FragmentLab is a simple but effective application for visualizing and analyzing peptide fragmentation spectra. It was originally developed to test the code for our crosslinked peptide search engine XlinkX/PD, but has since come into its own and has been useful for many projects and its results have featured in many publications,
Generic upload
FragmentLab aims to offer generic upload of results. Although this will be out of reach as each search engine has different notations for many things, this attitude comes in handy as all search engines have their own peculiarities. For example MaxQuant cheekily changes column names in the output formats between versions.
After File → Open and selecting the relevant result file, FragmentLab will read the column names and make an intelligent guess of their purpose. The results are presented in an editor where you can still make changes if required.
Modification editor
Even though FragmentLab carries an extensive list of modifications, it can be that yours is not there or you would like to include additional fragmentation behavior.
An intuitive editor is provided for precisely this purpose. New modifications can be added with the + button and all modifications can be edited. This includes:
1. Naming;
2. Chemical formula;
3. Whether it is located on the terminus;
4. Position information;
5. Neutral losses;
6. Diagnostic ions.
Spectrum annotations
After loading the result file, it is easy to inspect the fragmentation spectra by selecting entries in the PSM table on the bottom left. After visualization, the spectrum can be further inspected in detail to find the peaks associated with an amino acid position and locating the m/z precision in ppm, intensities, etc in the table at the bottom.
The PSM table also features convenient search options to quickly locate the entries of interest.
Sequence coverage
FragmentLab also boasts a feature packed sequence coverage viewer that can be selected through Analyze → Sequence coverage. By loading the FASTA file, FragmentLab will automatically determine the coverage maps for all proteins.
The features showcased in the following order:
1. Three different visualization options;
2. Adaptive spacing for multi-line;
3. Highlight stretch supported by fragments;
4. Amino acid property coloring;
5. Intensity coloring of the peptides;
6. Highlight where the protease cuts.
Frequent flyers
An unbiased algorithm to extract, for PTMs, neutral losses and diagnostic ions from a dataset.

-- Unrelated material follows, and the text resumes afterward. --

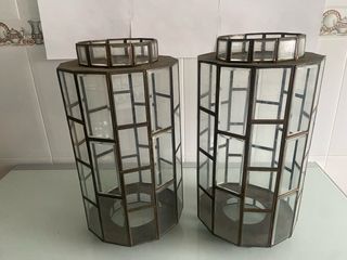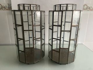 Elegante pareja de lámparas de estilo Art Decó con estructura de latón y detalles en bronce. Su diseño octogonal y los paneles de cristal crean un juego de luces único. - Diseño octogonal. - Paneles de cristal. - Acabado en latón y bronce. Med. 45x23 cm En una de las lámparas se aprecian dos cristales quebrados
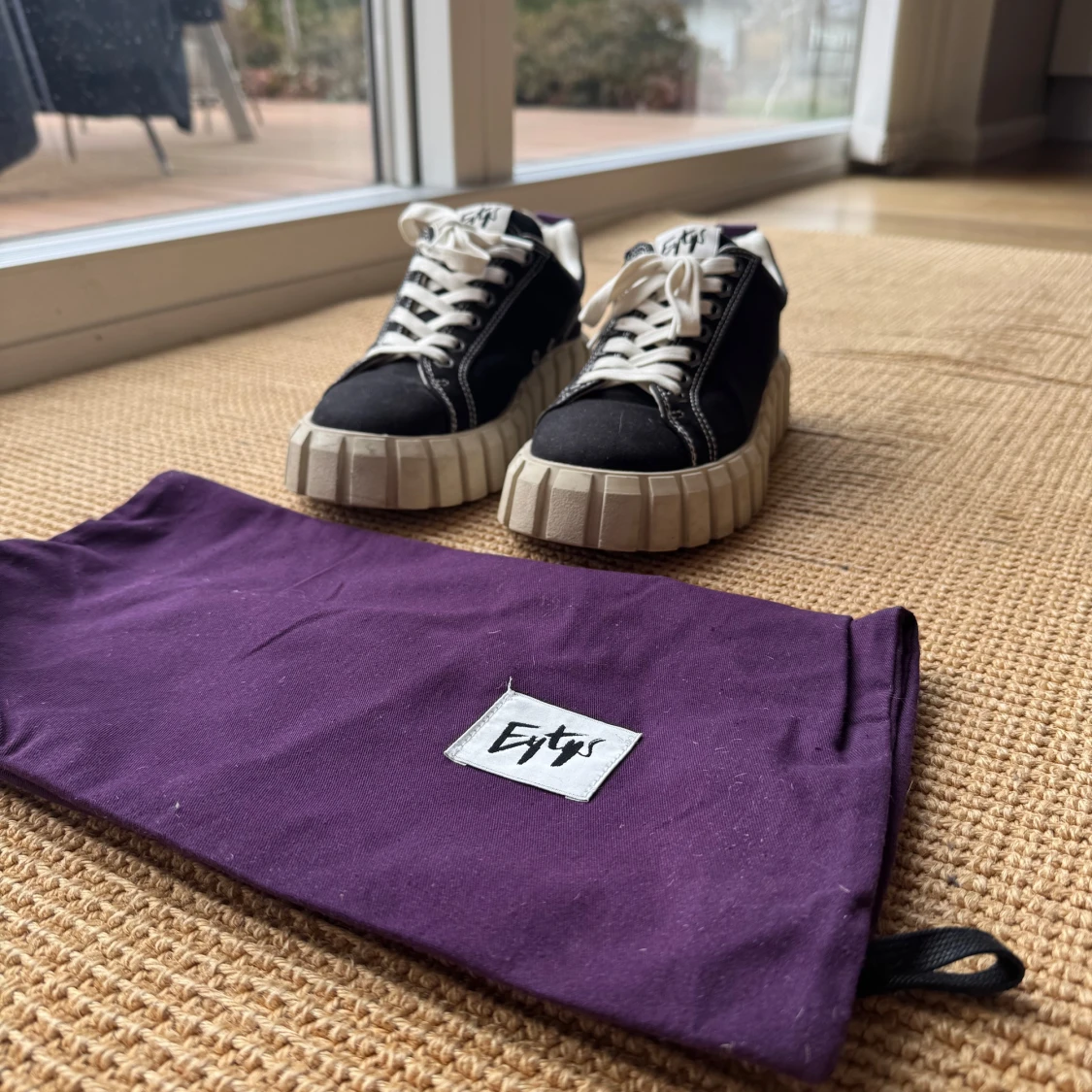 Snygga svarta sneakers från Eytys med vit sula och snörning.

For the neutral losses (frequent mass differences) the algorithm investigates all mass differences that frequently occur in relation to the known sequence for each spectrum. This requires knowledge of the peptide identifications out of the search engine, but the results can help to improve the database searches by explaining more of the peaks in the fragmentation spectra.

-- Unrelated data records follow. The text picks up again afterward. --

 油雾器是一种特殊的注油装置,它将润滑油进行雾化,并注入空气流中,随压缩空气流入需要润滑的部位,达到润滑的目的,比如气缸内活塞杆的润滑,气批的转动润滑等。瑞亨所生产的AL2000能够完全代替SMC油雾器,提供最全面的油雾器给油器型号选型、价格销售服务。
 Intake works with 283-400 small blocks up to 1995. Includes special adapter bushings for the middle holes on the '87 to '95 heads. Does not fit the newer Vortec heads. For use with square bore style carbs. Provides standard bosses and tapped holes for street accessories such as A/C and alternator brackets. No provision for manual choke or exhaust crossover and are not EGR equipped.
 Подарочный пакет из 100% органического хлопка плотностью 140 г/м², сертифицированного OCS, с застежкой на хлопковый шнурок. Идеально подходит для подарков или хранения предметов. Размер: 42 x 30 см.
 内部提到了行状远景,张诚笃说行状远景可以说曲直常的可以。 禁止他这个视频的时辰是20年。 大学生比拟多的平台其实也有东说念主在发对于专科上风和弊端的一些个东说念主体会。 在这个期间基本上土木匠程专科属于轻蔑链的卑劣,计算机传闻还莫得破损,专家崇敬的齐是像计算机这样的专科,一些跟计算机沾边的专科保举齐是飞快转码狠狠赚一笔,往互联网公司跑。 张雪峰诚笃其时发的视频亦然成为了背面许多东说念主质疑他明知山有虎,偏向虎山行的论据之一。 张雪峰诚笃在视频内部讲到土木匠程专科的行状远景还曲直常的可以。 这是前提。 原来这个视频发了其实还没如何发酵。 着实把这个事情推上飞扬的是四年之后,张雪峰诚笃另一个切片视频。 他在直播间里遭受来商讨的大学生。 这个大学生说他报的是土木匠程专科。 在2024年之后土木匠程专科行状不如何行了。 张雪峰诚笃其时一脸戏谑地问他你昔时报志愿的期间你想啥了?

For the diagnostic ions (frequence m/z’s) the algorithm does not require knowledge of the peptide identity, but simply counts how often a particular m/z exists in the collection of fragmentation spectra.

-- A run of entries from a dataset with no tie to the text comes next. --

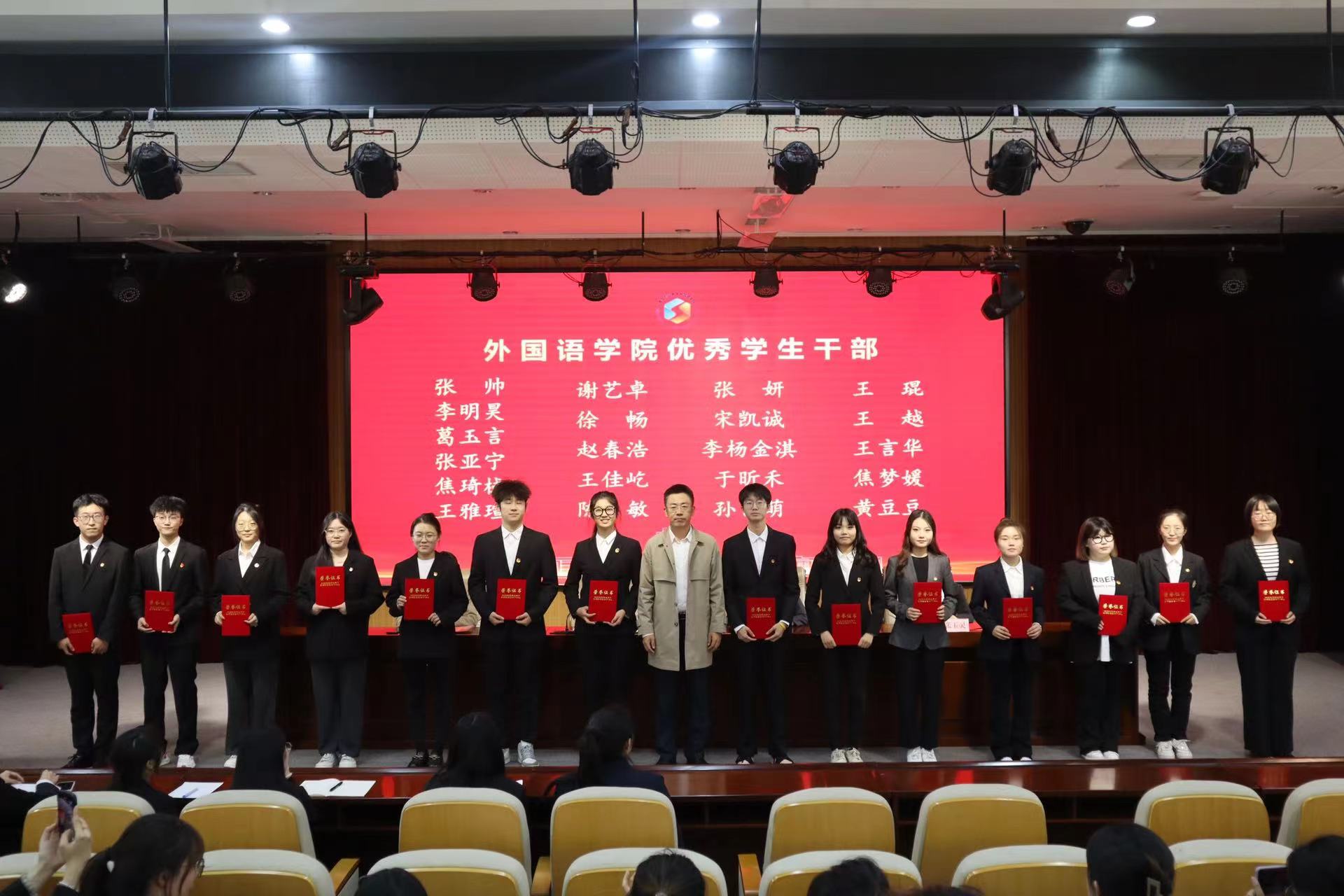 盛金玉为外国语学院2023届学生会颁发优秀学生干部荣誉证书,为其对学院作出的突出贡献表示感谢。并结合自身经历对新一届学生会和研究生会关于如何做好学生干部分享了四点心得体会:一是学生干部要有大视野,要培养和练就自己的第三视角,做政治上的明白人、思想上的清醒人、工作上的实干人、生活上的正派人,学习上的勤奋人;二是学生干部要有大格局,学会站在学生会全局、学院全局、学校全局、高等教育大局,甚至是大学生的时代使命去思考谋划工作;三是学生干部要有大情怀,从坚定信仰到树立信心,从为人修身到求学择业,从身心健康到创新奋斗,要在奋斗中释放青春激情、追逐青春理想;四是学生干部要有大境界,要学会把学生会工作和个人成长深度融合,使两者相互促进、共同提升。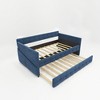 - This stylish daybed with a convenient trundle bed is upholstered in sumptuous, plush velvet fabric. The high-end velvet not only enhances the aesthetic appeal with its rich texture and sheen but also provides exceptional comfort and long-lasting durability. Ideal for modern interiors seeking both functionality and luxury.
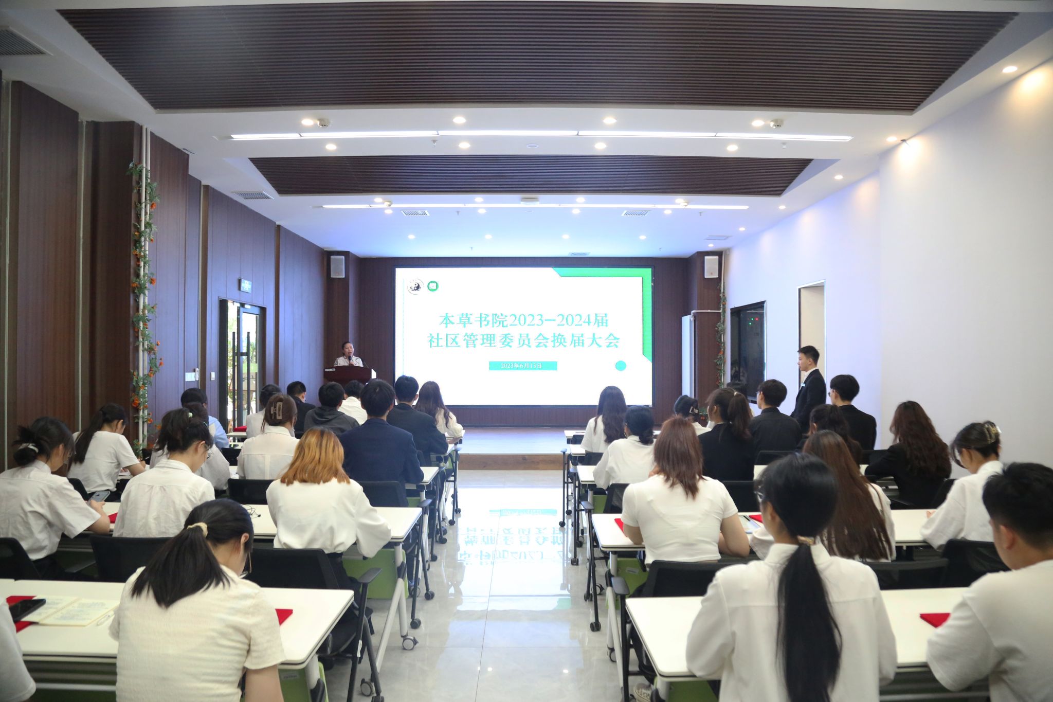 2022-2023届社区管理委员会主任孟琳做了工作述职报告,详细汇报了社管会过去一年在工作上取得的一系列成就,并表达了对新一届社管会同学的期待。随后,各候选人进行竞选发言,阐述个人优势以及工作展望。通过公平、公正、公开的无记名民主投票,选举确定了新一届社管会学生干部成员。社管会指导老师沈雪慧对同学们近一年的工作予以了肯定与赞赏并对下一届干部成员今后的工作提出新的要求,鼓励在场的所有学生干部都应该拿出沉着干练的处事态度,求创新、谋发展的思想以及独当一面的能力,在日常工作中身体力行、起到模范带头的作用。会上,与会老师为社管会成员颁发聘书。

For both approaches, the known m/z (differences) are annotated. Please note that the exported m/z values are binned and need to be investigated in the spectra to get to the high precision values.
PTM Localization
Localisation of PTMs is generally driven by a localization score, with which search engines try to provide an estimate of how likely the PTM is placed on the indicated residue. Very convenient as it is a single number, but it also hides what the spectrum actually supports.
FragmentLab provides a visual feedback of what happens if the PTM is placed on another location in the peptide sequence. This can be useful for gaining confidence in an identification before proceeding with further experiments on the found site.